President Obama will announce Wednesday that the U.S. will no longer threaten criminal prosecutions against American families who attempt to pay ransoms to extremist groups holding their relatives hostage.
The move is part of a long-awaited policy change in response to the death of U.S. hostages held by the Islamic State in Iraq and Syria (ISIS) and other militant groups.
Obama will make the changes through an executive order and presidential directive, White House press secretary Josh Earnest said Tuesday.
The president will deliver a speech about the moves Wednesday and meet with families of hostages who participated in the review.
Family members on Tuesday received a briefing on the details of the plan at the White House from senior administration officials.
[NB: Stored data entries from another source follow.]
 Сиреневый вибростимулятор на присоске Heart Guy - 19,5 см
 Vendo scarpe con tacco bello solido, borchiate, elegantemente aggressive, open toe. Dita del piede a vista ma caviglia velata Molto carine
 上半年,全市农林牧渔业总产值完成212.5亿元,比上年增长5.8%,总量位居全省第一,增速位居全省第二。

The White House will create a new office, known as a hostage recovery fusion cell, to coordinate response efforts with the families of American captives, according to The Wall Street Journal. The office will be housed in the Federal Bureau of Investigation (FBI).
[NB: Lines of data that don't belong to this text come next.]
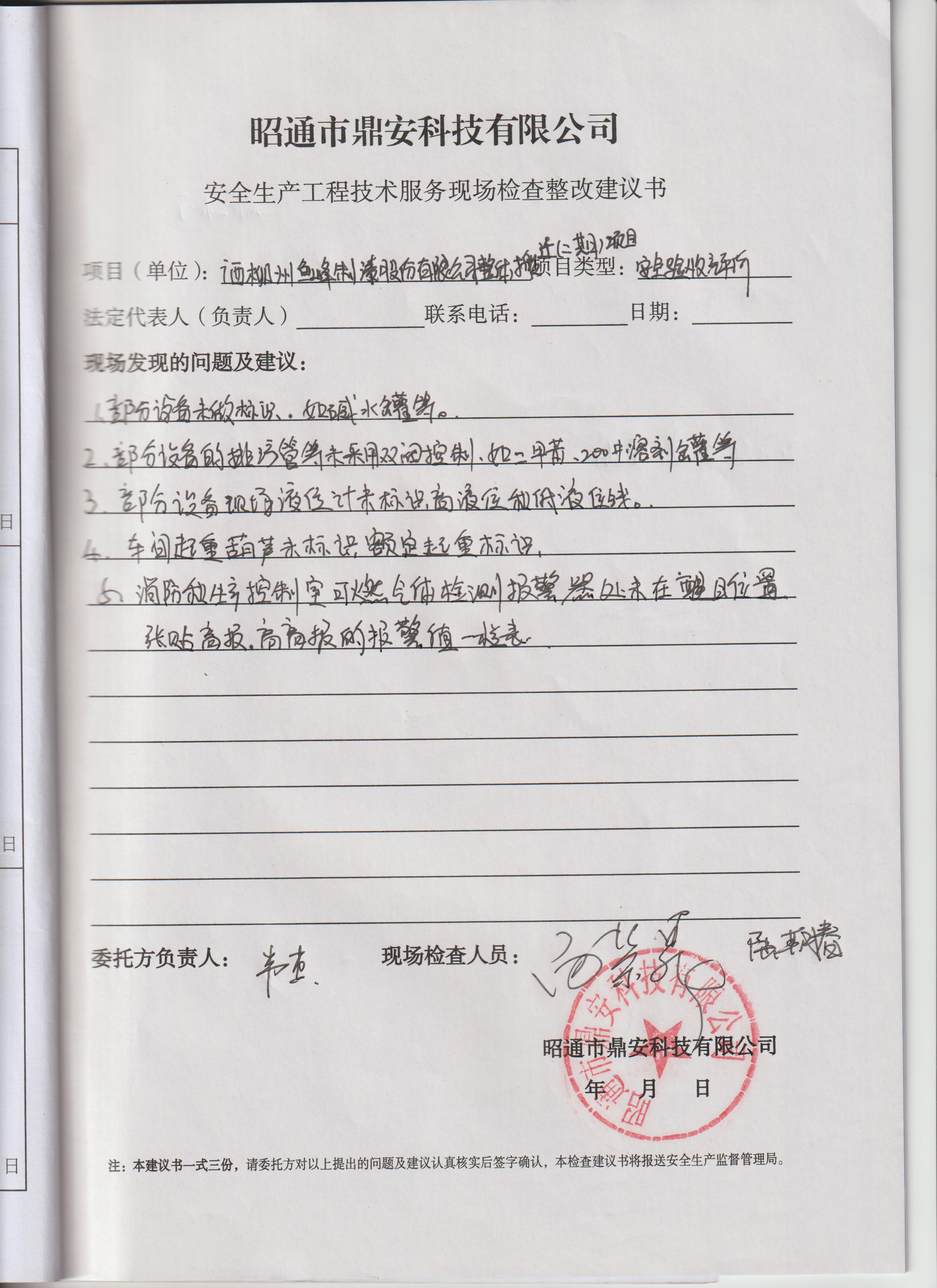 廣西柳州魚峰制漆股份有限公司整體搬遷(二期)項目安全驗收評價報告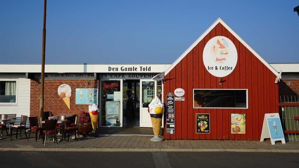 Take a break at the harbour café Den Gamle Told in Bagenkop and enjoy delicious ice cream, coffee or a glass of wine – both indoors and outdoors.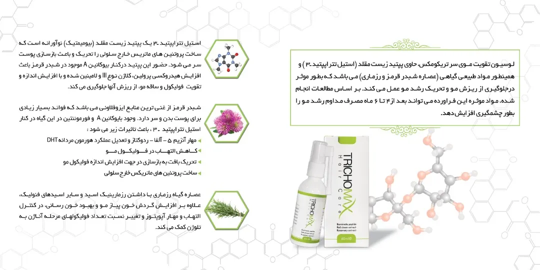 اخیرا شرکت توانسته سومین محصول خود تحت عنوان " لوسیون کافئینه مخصوص ریزش مو با نام تجاری تریکومکسc " را به بازار وارد نماید.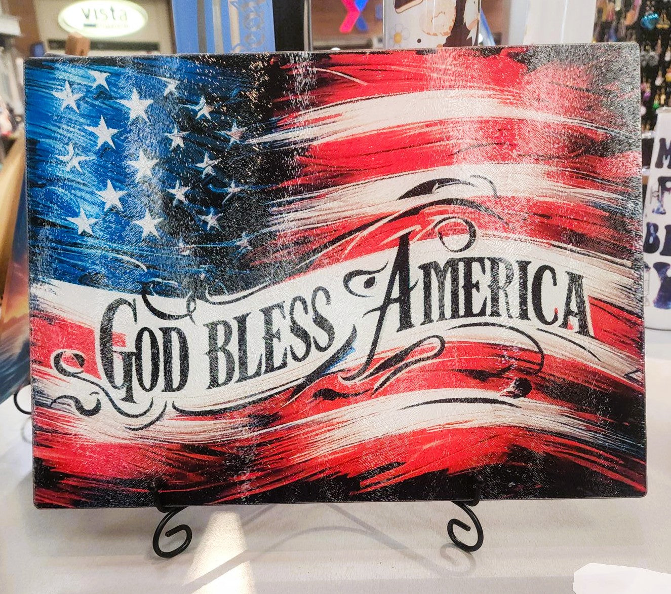 Watercolor God Bless America U.S. Flag - Sublimated Glass Cutting Board - Premium Durability & Vibrant Designs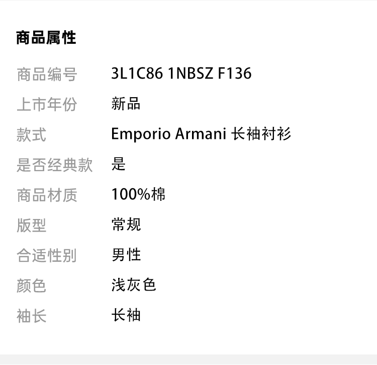 EMPORIO ARMANI 阿玛尼 男士长袖衬衫 浅灰 3L1C86 1NBSZ F136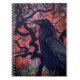 For raven and gothic fans! Decorate a living space with personal size notebook that features the photo image of a black Raven and a flaming red, twisted, gnarly Japanese maple tree. Use as a journal or for keeping notes.

The State Department will also name a special presidential envoy for hostage affairs, according to Foreign Policy. The new official will help communicate with foreign governments involved in freeing U.S. hostages.
The administration has not yet selected individuals to lead the fusion cell or serve as special envoy, according to the report.
While the new policy still prevents the U.S. from making concessions to hostage-takers, it will allow families and government officials to communicate with terrorist groups or other third-parties to help secure the release of hostages held overseas.
The Obama administration began a review of its hostage policies last November, following ISIS’s beheading of captive American citizens.
Families of the slain Americans complained the federal government failed to communicate effectively with them while their relatives were held hostage.
The family of James Foley, the U.S. journalist killed by ISIS, said different agencies said different things with regard to paying a ransom and said the White House threatened them with prosecution if they decided to pay a ransom.
The family of Warren Weinstein, an American al Qaeda captive inadvertently killed in a drone strike earlier this year, praised the assistance they received from the FBI but said help from other elements of the U.S. government was “inconsistent and disappointing.”
The FBI helped facilitate a ransom payment from the Weinstein family to al Qaeda in 2012, the Journal reported, but it was unsuccessful in leading to his release.
Out of the 82 families the White House invited to participate in the hostage review, just 24 decided to so do, according to the Journal and Foreign Policy.
”The White House has missed the opportunity to fix a problem that has affected far too many families,” a spokesman for the Weinstein family told the Journal.